*Given material*.
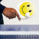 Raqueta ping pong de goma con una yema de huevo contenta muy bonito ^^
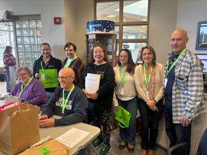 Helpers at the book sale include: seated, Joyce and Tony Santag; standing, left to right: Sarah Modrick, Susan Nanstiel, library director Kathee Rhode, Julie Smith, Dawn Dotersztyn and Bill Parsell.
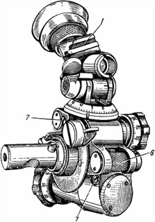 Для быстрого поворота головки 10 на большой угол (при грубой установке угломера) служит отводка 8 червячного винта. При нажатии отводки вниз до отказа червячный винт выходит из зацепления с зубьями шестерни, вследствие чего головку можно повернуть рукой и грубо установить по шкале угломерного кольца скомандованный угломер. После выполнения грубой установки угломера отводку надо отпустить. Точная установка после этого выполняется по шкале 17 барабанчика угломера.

*The task*. Your copy should hold exactly the lines from the line containing "Helpers at the" through the last line of the listing above, both included, and no pictures.

*Answer for the task*.
 Helpers at the book sale include: seated, Joyce and Tony Santag; standing, left to right: Sarah Modrick, Susan Nanstiel, library director Kathee Rhode, Julie Smith, Dawn Dotersztyn and Bill Parsell.
 Для быстрого поворота головки 10 на большой угол (при грубой установке угломера) служит отводка 8 червячного винта. При нажатии отводки вниз до отказа червячный винт выходит из зацепления с зубьями шестерни, вследствие чего головку можно повернуть рукой и грубо установить по шкале угломерного кольца скомандованный угломер. После выполнения грубой установки угломера отводку надо отпустить. Точная установка после этого выполняется по шкале 17 барабанчика угломера.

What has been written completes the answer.